It can be especially important if this was sexual abuse or if you were exposed to long-term abuse.

Sister, somehow, most of us get triggered by our past negative experiences in present situations and react with those fears and emotions that belong to a past event.

Unfortunately, those who have suffered any type of trauma experience these triggers in a more intense way, and they need deeper work to be able to learn to live with them.

What can you do, using your faith, to lessen these reactions?

Forgiveness

Sister, forgiveness is a powerful tool. I do not know what happened or whether you were able to forgive that person for his wrongdoing. But I recommend to try to do that.

You can soften your heart by trying to ask Allah to forgive that person for what he did.

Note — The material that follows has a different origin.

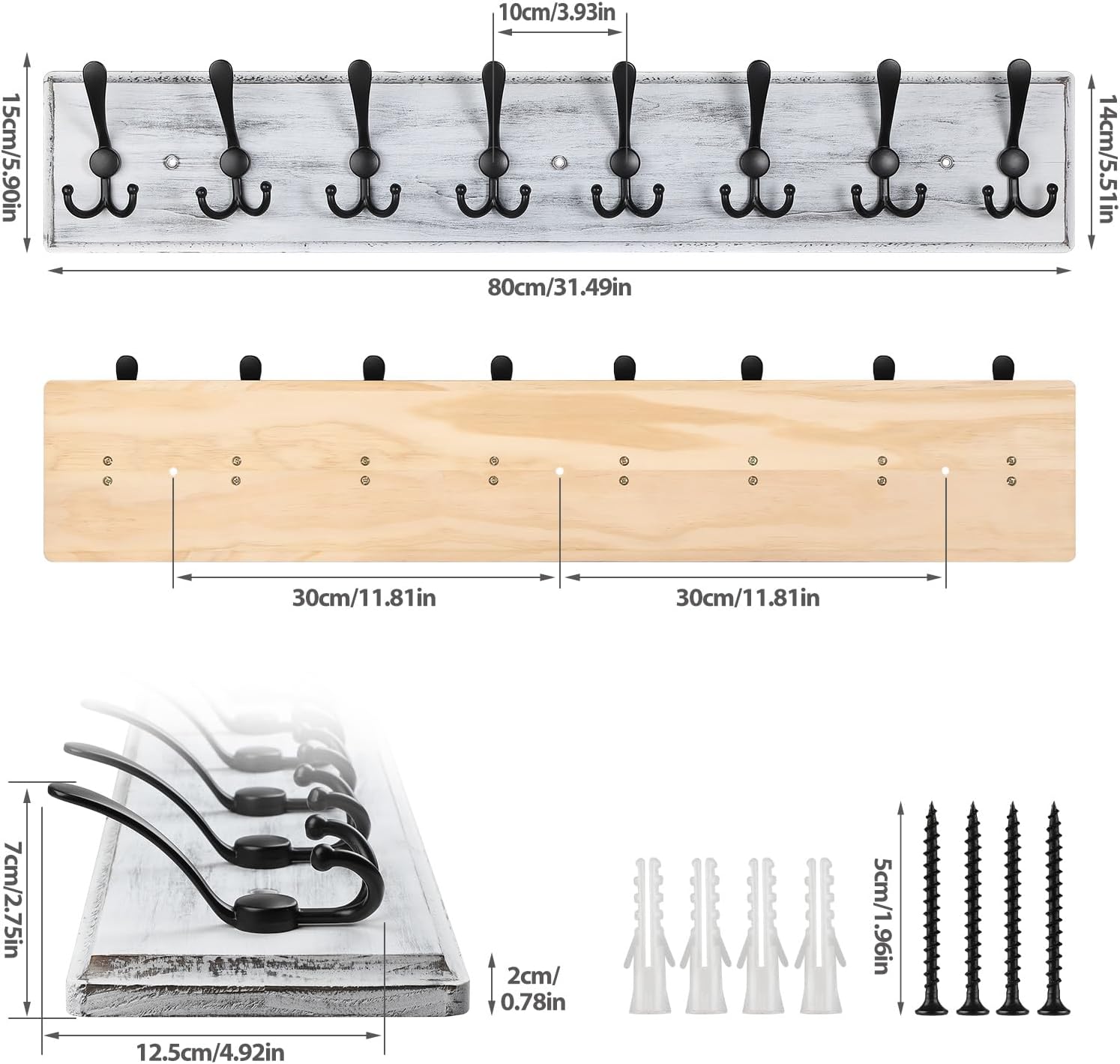 - [Sturdy wall coat hanger] The wood of wall mounted coat hook is made of pine wood. The clothes hook is fixed on the board and made of anti-rust zinc alloy. The hook tip is smooth and does not hurt the clothes.The collision between zinc alloy and pine creates a rural and retro atmosphere
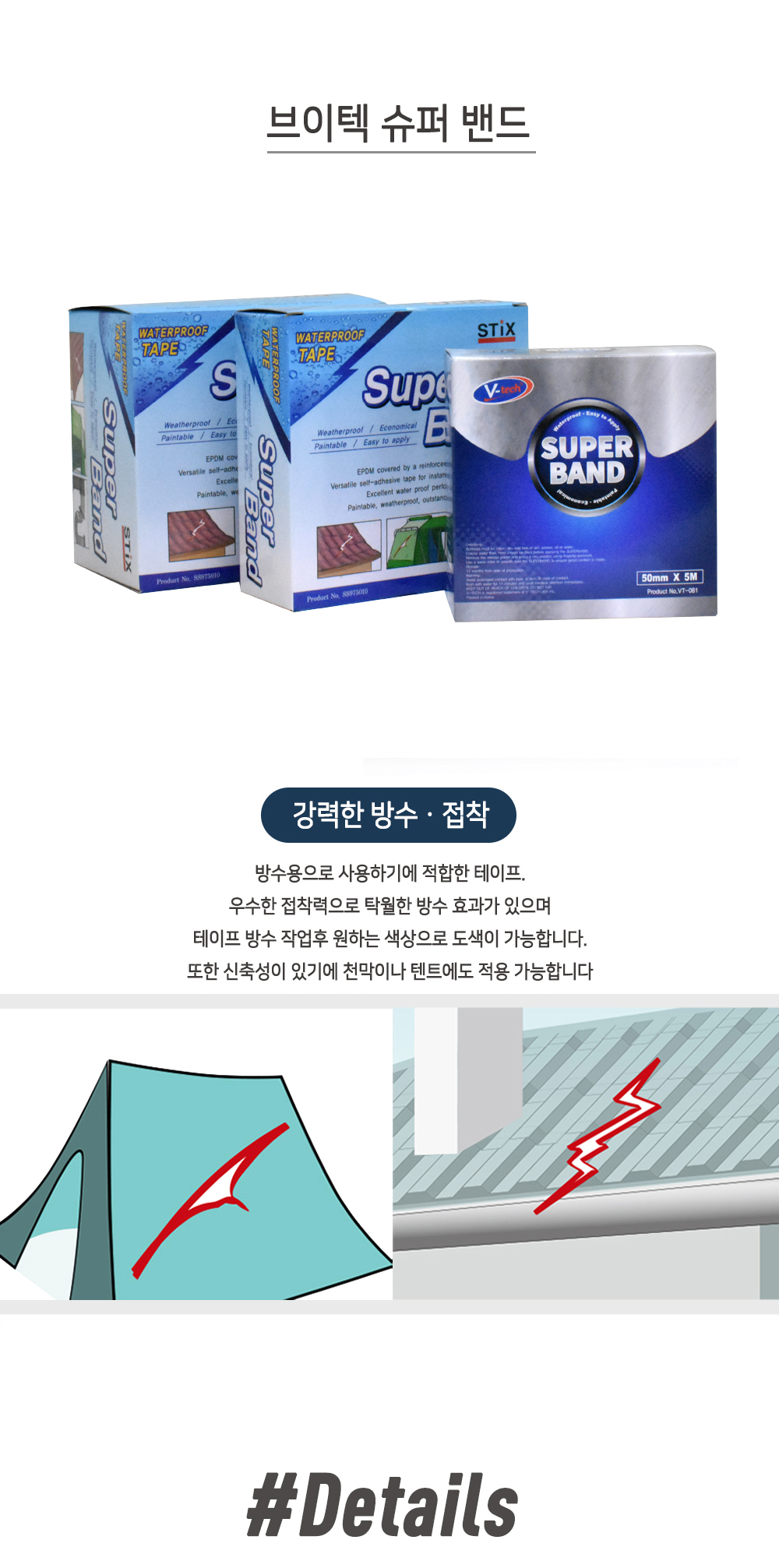 브이텍 방수테이프 슈퍼밴드 보수 천막 파이프 50mmX5M

Know that Allah is Al-Adl, the Most Just, and His justice will decide the destiny of each soul. Everyone will be held accountable for their deeds, good and bad.

Seek the Wisdom Behind

This does not mean that you need to love something that is not right and has caused you pain.

At the same time, you can ponder upon what is the wisdom behind all evil that happened to you. For instance, these trials may help you in your spiritual growth.

Check this article, this, and this video for more details.

Help Others

You may join a support group related to your specific trauma.

You will see that you are not alone. Supporting each other on the healing journey will give you strength, in sha Allah. You can even volunteer for those who went through a similar situation.

Talk to „Him”

You mention someone, maybe your husband, in your letter. If he has nothing to do with your past trauma, talk to him and explain that in certain situations you have a reaction that belongs to your past.

You may react and say things that are not “meant” for him. Ask him for his patience and understanding if you hurt him back during these moments.

You might ask him to avoid acting in a specific way if that is your trigger.

Learn to Recognize Triggers

When you are confronted with a trigger, you may experience physical and emotional changes in your body, such as a rapid heartbeat, fear, anxiety, sweating, trembling, and so on.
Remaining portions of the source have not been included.